Authors: De Vivo I,  Prescott J,  Setiawan VW,  Olson SH,  Wentzensen N,  Australian National Endometrial Cancer Study Group,  Attia J,  Black A,  Brinton L,  Chen C,  Chen C,  Cook LS,  Crous-Bou M,  Doherty J,  Dunning AM,  Easton DF,  Friedenreich CM,  Garcia-Closas M,  Gaudet MM,  Haiman C,  Hankinson SE,  Hartge P,  Henderson BE,  Holliday E,  Horn-Ross PL,  Hunter DJ,  Le Marchand L,  Liang X,  Lissowska J,  Long J,  Lu L,  Magliocco AM,  McEvoy M,  O'Mara TA,  Orlow I,  Painter JN,  Pooler L,  Rastogi R,  Rebbeck TR,  Risch H,  Sacerdote C,  Schumacher F,  Scott RJ,  Sheng X,  Shu XO,  Spurdle AB,  Thompson D,  Vanden Berg D,  Weiss NS,  Xia L,  Xiang YB,  Yang HP,  Yu H,  Zheng W,  Chanock S,  Kraft P
Journal: Hum Genet
Date: 2014 Feb
Branches: EBP, HREB, LTG, OD, OEEB
PubMed ID: 24096698
PMC ID: PMC3898362
Abstract: Endometrial cancer (EC), a neoplasm of the uterine epithelial lining, is the most common gynecological malignancy in developed countries and the fourth most common cancer among US women. Women with a family history of EC have an increased risk for the disease, suggesting that inherited genetic factors play a role.
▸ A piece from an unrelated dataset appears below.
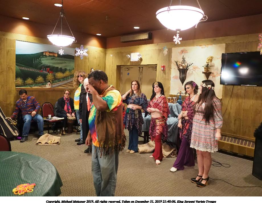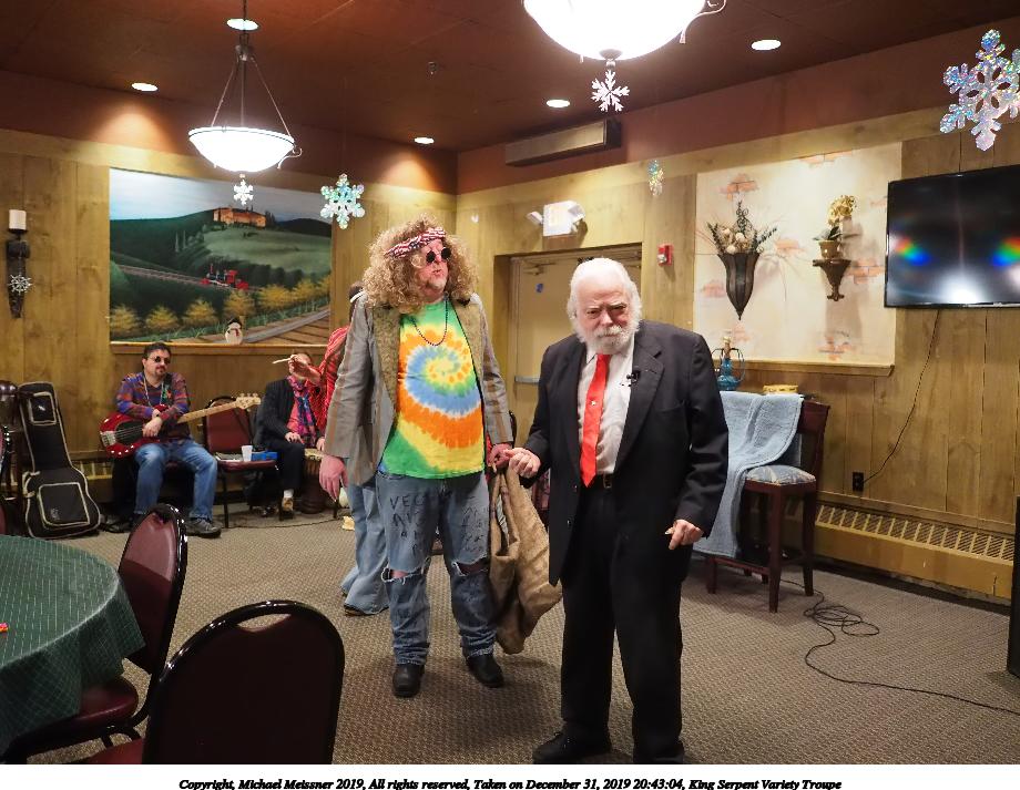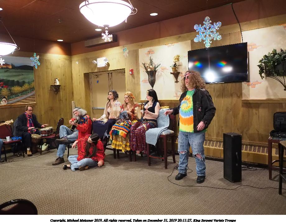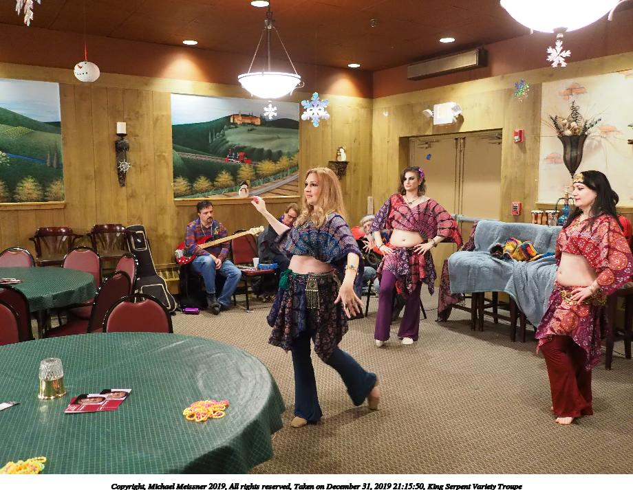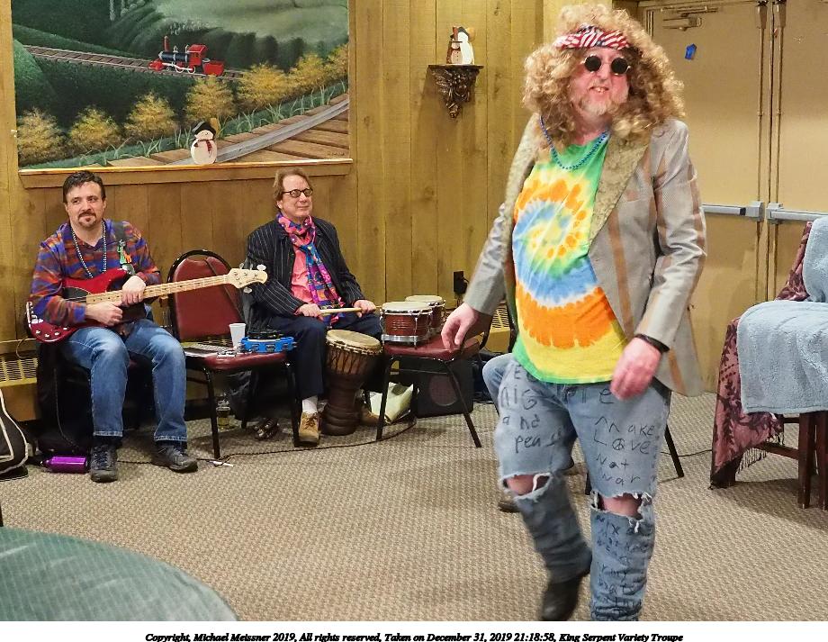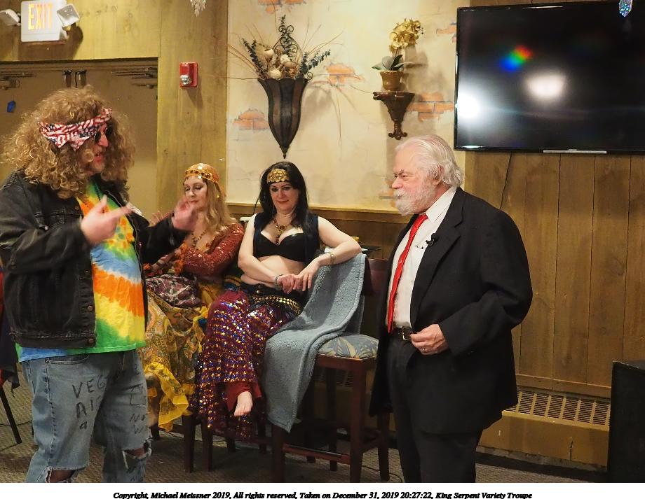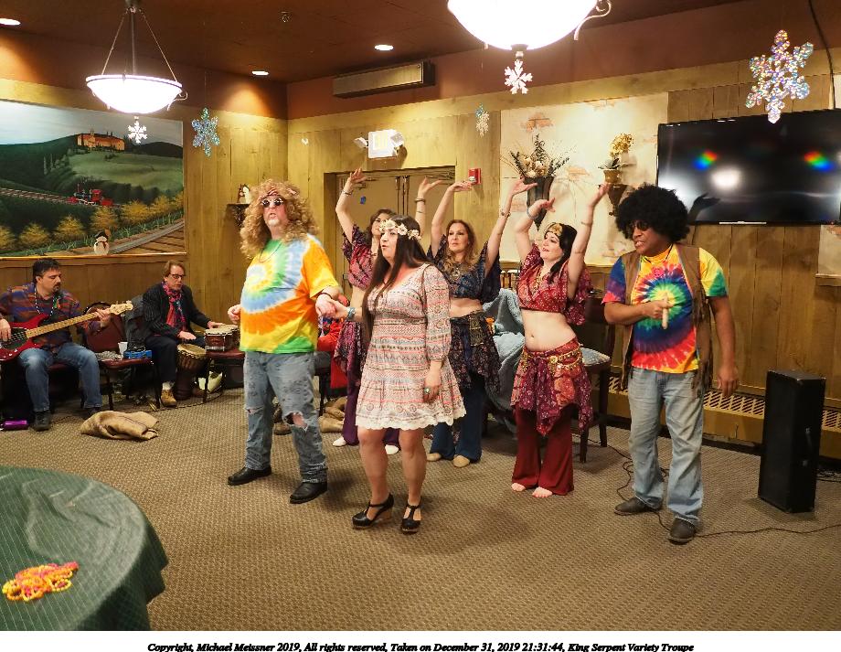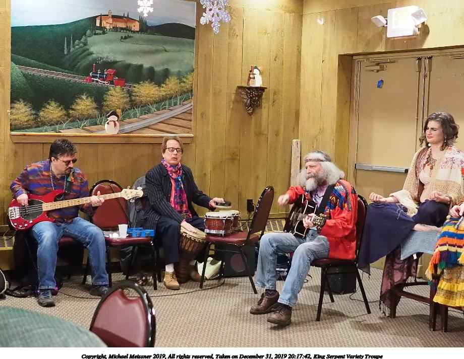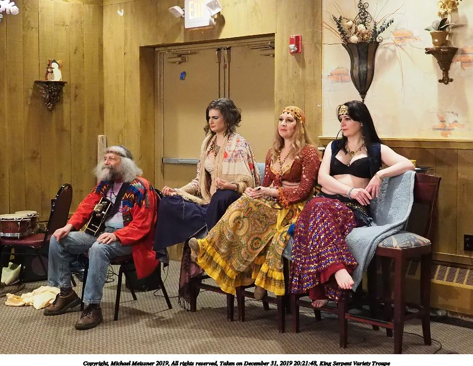 Picture #50: King Serpent Variety Troupe #50 Small: 920x713, 145,115 bytes (142K), (html file) Large: 4600x3450, 2,687,229 bytes (2.6M), (html file) Copyright, Michael Meissner 2019, All rights reserved Olympus E-M1-I camera with Panasonic-Leica 15mm f/1.7 lens f/1.7, ISO 3200, 1/60 sec, 15.0mm, auto mode, vivid color, SHQ, center weight metering, digital zoom x2, IS Auto, noise filter low, anti-shock 35mm equivalent focal length 60.0mm, digital zoom x2 Programs used: crop, raw therapee Taken by Michael Meissner on December 31, 2019 21:16:32 Last modified on April 02, 2020 at 22:39 |

We conducted a two-stage genome-wide association study of Type I EC. Stage 1 included 5,472 women (2,695 cases and 2,777 controls) of European ancestry from seven studies. We selected independent single-nucleotide polymorphisms (SNPs) that displayed the most significant associations with EC in Stage 1 for replication among 17,948 women (4,382 cases and 13,566 controls) in a multiethnic population (African America, Asian, Latina, Hawaiian and European ancestry), from nine studies. Although no novel variants reached genome-wide significance, we replicated previously identified associations with genetic markers near the HNF1B locus. Our findings suggest that larger studies with specific tumor classification are necessary to identify novel genetic polymorphisms associated with EC susceptibility.